Singh Jasvinder A, Edwards N Lawrence
Department of Medicine, School of Medicine, University of Alabama, Faculty Office Tower 805B, 510 20th Street S, Birmingham, AL 35294, USA.
Department of Medicine, Division of Rheumatology, Immunology and Allergy, University of Florida, Gainesville, FL, USA.
Ther Adv Musculoskelet Dis. 2022 May 13;14:1759720X221096381. doi: 10.1177/1759720X221096381. eCollection 2022.
To assess the management of gout in established COVID-19 pandemic.
We assessed medication use, health care utilization, gout-specific health-related quality of life (HRQOL), psychological distress using Patient Health Questionnaire-4 (PHQ-4), resilience, illness perception, and health literacy in people with physician-diagnosed self-reported gout in established COVID-19 pandemic in a cross-sectional Internet survey.
Among the 130 survey respondents with gout, the mean age was 62.8 years, 65% were male, 83% were White, 59% were prescribed urate-lowering therapy (ULT), and health literacy was adequate in 80%. A third of survey respondents reported more difficulty with their gout management since September 2020. Gout-specific HRQOL deficits were evident. Moderate-severe psychological distress was seen in 22%, and resilience score was 6.5 [standard deviation (SD), 1.9; range, 0-8]. Adjusted for age and sex, compared with no/mild psychological distress, moderate-severe psychological distress was associated with significantly higher odds ratio (OR; 95% confidence interval) of more difficulty with (1) getting health care for gout in clinic, 3.7 (1.0, 13.2); emergency room/urgent care, 8.1 (1.4, 45.0); and in the hospital, 9.8 (1.6, 59.6); (2) getting gout flares treated, 6.6 (1.6, 26.8); (3) avoiding gout complications, 4.5 (1.2, 16.7); and (4) daily activities at home, 4.2 (1.3, 14.1), and performing work, 4.1 (1.2, 13.6).
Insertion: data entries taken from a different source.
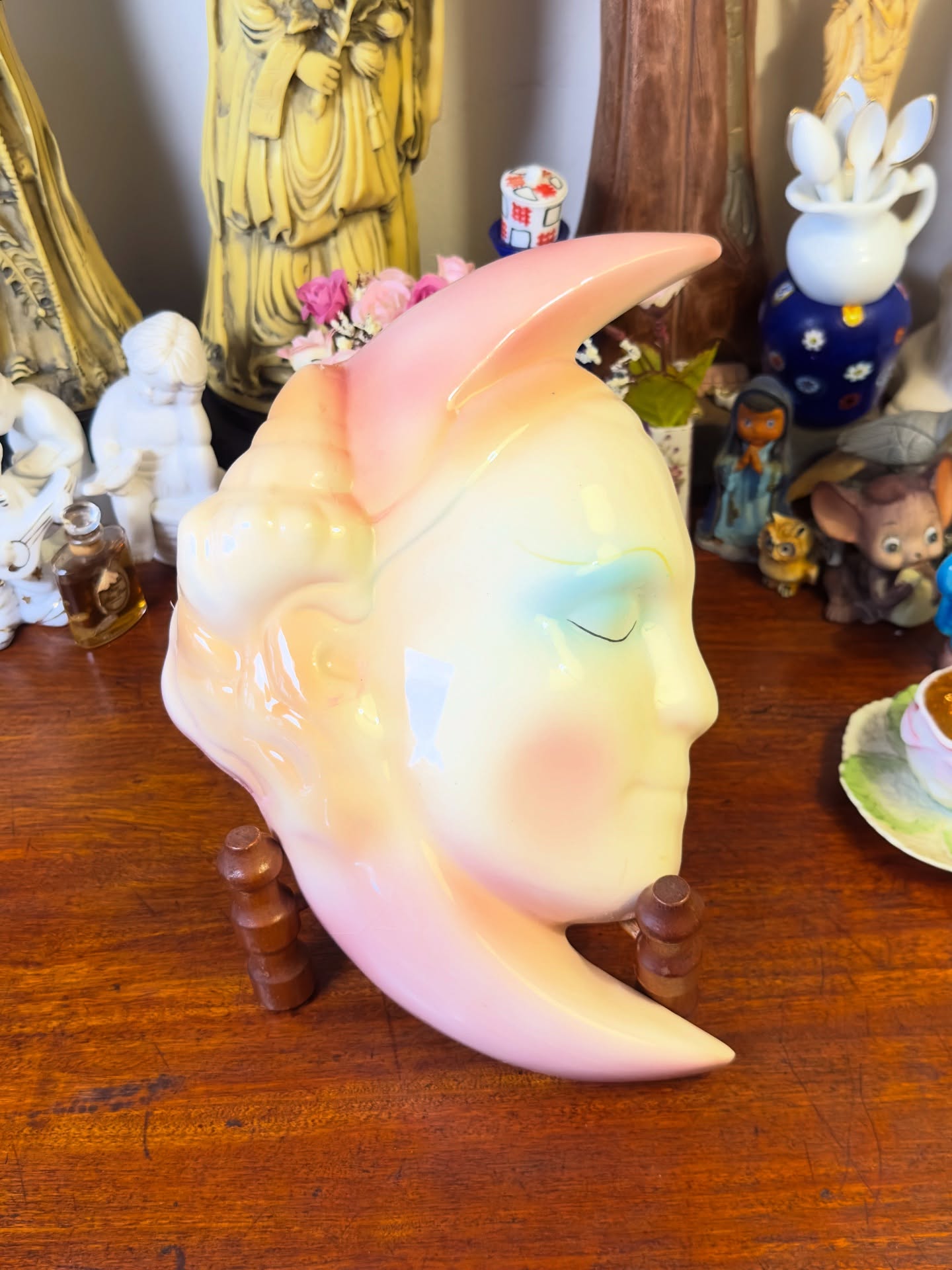 Antigo enfeite “Lua com rosto feminino” em porcelana anos 70, delicado tom rosa com suave efeito cintilante.
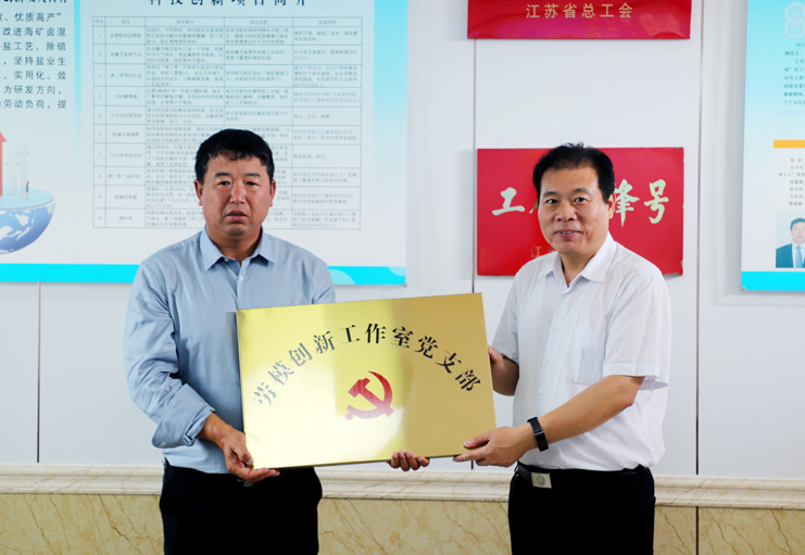 在日晒制盐公司新河分公司的安树林劳模创新工作室现场,丁书记一行观看了技术创新成果展示专题片,还为工作室的“劳模创新工作室党支部”进行了授牌。
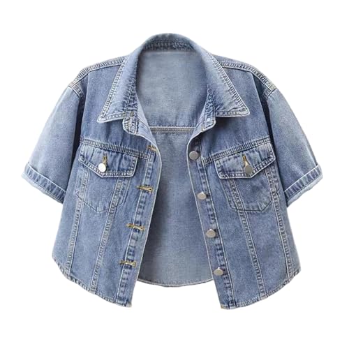 Blouson Jeans Femme - Femmes décontracté Solide Bouton à Manches Longues Veste Poitrine Gilet Poche Ample Court Manteau Manteau Ciré
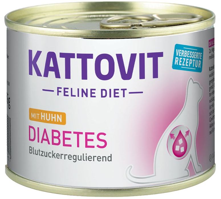 Kattovit Feline Diet - DIABETES wurde speziell entwickelt mit langkettigen Kohlenhydraten für eine geregelte Glucosefreisetzung. Ein hoher Rohfasergehalt (Ballaststoffe) in Verbindung mit reduzierten Fettwerten kann sich ausgleichend auf die Entwicklung der Blutzuckerwerte auswirken. Das Futter ist mit L-Carnitin angereichert worden. Dadurch soll sich der Stoffwechsel verändern und somit zu einer Gewichtsreduktion beitragen. L-Carnitin kann den Abbau von Fettreserven unterstützen. Nicht geeignet für heranwachsende und trächtige Katzen.Inverkehrbringer: FINNERN GmbH & Co. KG, Bahnhofstraße 11, 27283 Verden; info@finnern.de
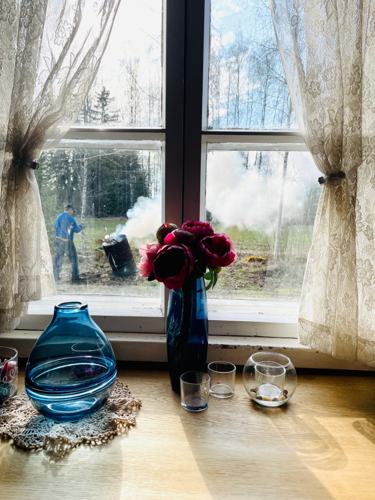 We came to out summerhouse for the first time this year. It is early spring so not much green yet visible, it is time to do spring jobs, take the leaves and burn fallen branches. Clean the house.

Respondents with gout reported health care gaps, low rates of ULT prescription, high psychological distress, and HRQOL deficits during established COVID-19 pandemic. Moderate-severe psychological distress was associated with difficulties in health care access and gout management. Interventions to address these challenges in gout management are needed.
评估在新冠疫情期间痛风的管理情况。
我们在一项横断面网络调查中,对新冠疫情期间经医生诊断且自我报告患有痛风的人群的用药情况、医疗保健利用情况、痛风特异性健康相关生活质量(HRQOL)、使用患者健康问卷-4(PHQ-4)评估的心理困扰、恢复力、疾病认知和健康素养进行了评估。
在130名痛风调查受访者中,平均年龄为62.8岁,65%为男性,83%为白人,59%接受了降尿酸治疗(ULT),80%的人健康素养良好。三分之一的受访者表示自2020年9月以来痛风管理更加困难。痛风特异性HRQOL缺陷明显。22%的人有中度至重度心理困扰,恢复力得分为6.5[标准差(SD),1.9;范围,0-8]。在对年龄和性别进行调整后,与无/轻度心理困扰相比,中度至重度心理困扰与以下方面出现更多困难的显著更高优势比(OR;95%置信区间)相关:(1)在诊所获得痛风医疗服务,3.7(1.0,13.2);在急诊室/紧急护理机构,8.1(1.4,45.0);以及在医院,9.8(1.6,59.6);(2)治疗痛风发作,6.6(1.6,26.8);(3)避免痛风并发症,4.5(1.2,16.7);以及(4)在家中的日常活动,4.2(1.3,14.1),以及工作表现,4.1(1.2,13.6)。
痛风受访者报告在新冠疫情期间存在医疗保健差距、ULT处方率低、心理困扰严重和HRQOL缺陷。中度至重度心理困扰与获得医疗服务和痛风管理方面的困难有关。需要采取干预措施来应对痛风管理中的这些挑战。